In brief

  • Michael Saylor is the CEO of business intelligence company MicroStrategy, which is heavily invested in Bitcoin.
  • Today, Saylor suggested Bitcoin and gold aren’t so similar, contrary to the "digital gold" narrative.
  • When Bitcoin is fully realized as an asset class, it will come at gold's expense, he claims.

MicroStrategy CEO Michael Saylor suggested today that comparisons between Bitcoin and gold may not be entirely accurate, and that the former may end up cannibalizing the latter.

Responding to a Substack post from Anthony Pompliano, a popular podcaster and a co-founder of the hedge fund Morgan Creek Digital, Saylor wrote that “it is dangerous to think that Gold & Bitcoin are similar & complementary investments. When the #Bitcoin Dragon emerges from its lair, the first thing it will eat is the Kingdom of #Gold.”
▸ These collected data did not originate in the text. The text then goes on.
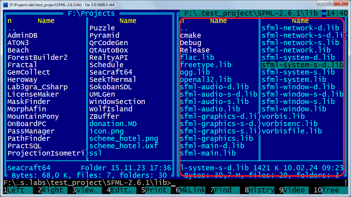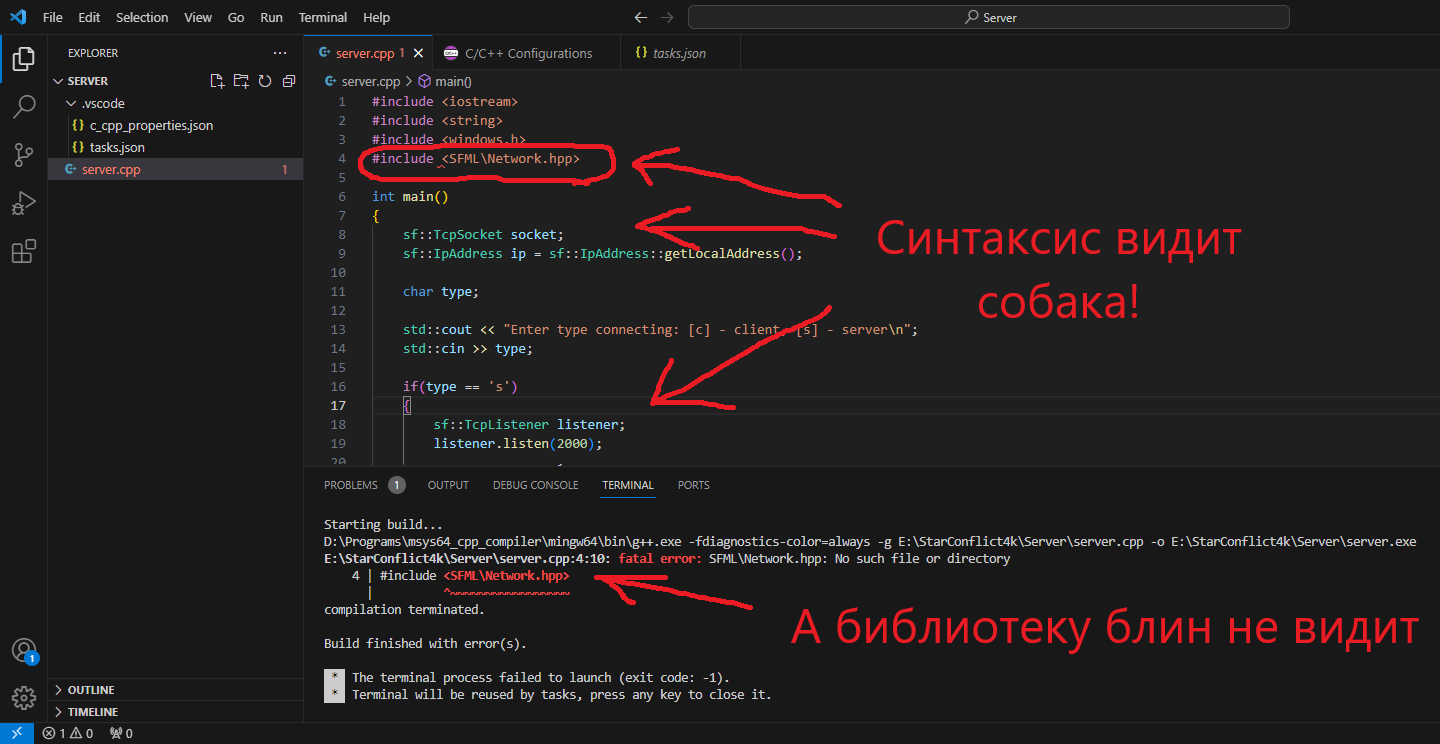 Значит скачал я SFML библиотеку с официального сайта, как положено, под Visual C++ 17 (2022) — 64-bit, вроде на сайте Visual Studio тоже написано что он 22-го года, хотя последнее обновление всего три дня назад было. В общем распаковал я это дело как написано в инструкции, а дальше трэш угар и содомия: на сайте SFML настройка идёт через проекты, которых в моей версии Visual Studio тупо нету, толи это прерогатива платной версии, толи ещё чего, но их тупо нет в меню, на сайте VS вообще чёрт ногу сломит. В итоге нагуглил вроде гайд, где просто добавляется дополнительный Include Path для папки с новыми библиотеками, и вроде как оно даже почти работает, по крайней мере синтаксис подключённой библиотеки VS видит, вот только при попытке скомпилировать экзешник через g++, эта тварь выдаёт фатальную ошибку, мол нема такого файла:
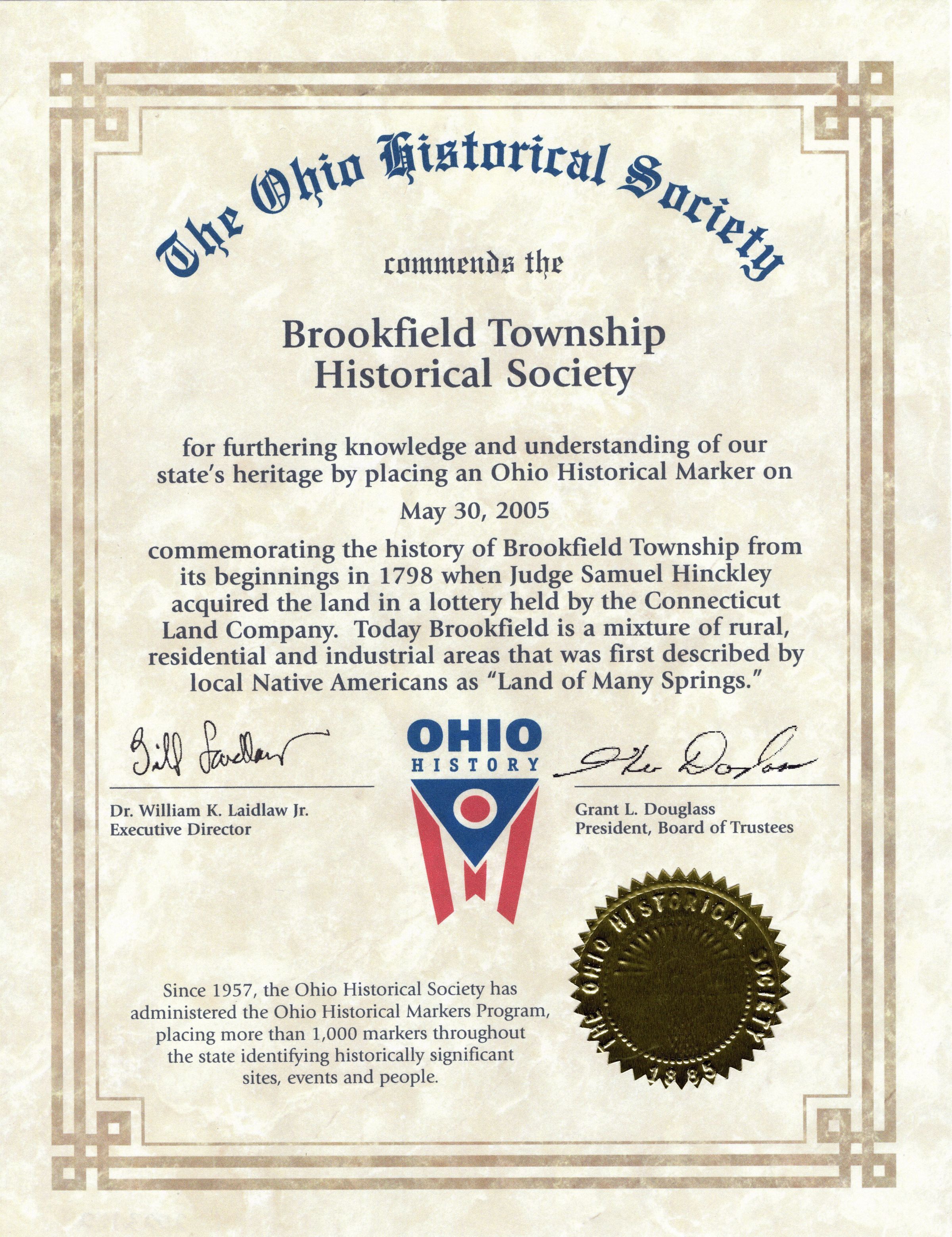 Certificate for Ohio Historical Marker from the Ohio Historical Society, May 30, 2005.
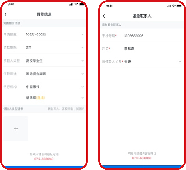 若貸款人為專業(yè)軍人、高校畢業(yè)生、貧困戶則需要上傳相關(guān)證書,確認無誤后點擊保存,并添加緊急聯(lián)系人。
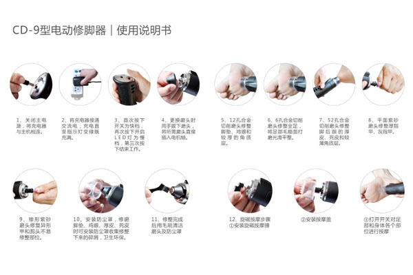 本產(chǎn)品適用于腳墊,腳雞眼,灰指甲,異形甲,厚皮,死皮,干裂角質(zhì)層人群。兼具懸磁按摩功能,該產(chǎn)品科學巧妙地運用了力度,角度,速度,方向等的有機結(jié)合,修整時不會損傷正常皮膚,且無需泡腳。本產(chǎn)品的發(fā)明為廣大腳疾患者提供了一套安全方便的修腳工具。擁有它,相當于把一位高級修腳師請回家。
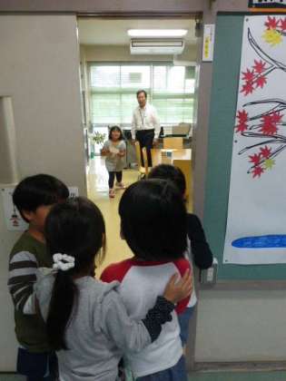 緊張の面持ちで校長室に入っていく友達をみんなで見守ります。

This sort of proselytizing makes sense coming from Saylor, whose billion-dollar tech company bet big on Bitcoin this past summer; MicroStrategy now has over half a billion dollars in Bitcoin. In October, Saylor tweeted that he personally holds 17,732 BTC. (That’s roughly $270 million worth, at today’s prices.)

Bitcoin’s potential as a store of value has given it the nickname “digital gold,” and many analysts remain suspicious about whether or not it’s actually viable as a transactional currency. Bitcoin prices have also been historically correlated with gold prices. Billionaire investor Mike Novogratz said as much to Bloomberg last month: “Bitcoin as a gold, as digital gold is just going to keep going higher,” he said. “More and more people are going to want it as some portion of their portfolio.”

And while Novogratz has been relatively optimistic about Bitcoin’s prospects, his comments on the relationship between Bitcoin and gold have been more cautious than Saylor’s. This past July, Novogratz suggested that Bitcoin’s volatility remains a real concern, and that he’d recommend investing much more heavily in gold.

Saylor, for his part, tweeted yesterday that “Bitcoin advocates should stop apologizing for volatility,” and that, at least for one day, Bitcoin “was less volatile than NASDAQ, S&P 500, Dow Jones, Russell 2000, 10 & 30 Year Treasuries, Gold, Silver, Apple, Amazon, Microsoft, & Facebook.”


So far, Saylor and MicroStrategy’s bet on Bitcoin has paid off; the price of 1 BTC remains over $15,000. When MicroStrategy first announced its big Bitcoin buy, BTC was priced at around $11,500.


The views and opinions expressed by the author are for informational purposes only and do not constitute financial, investment, or other advice.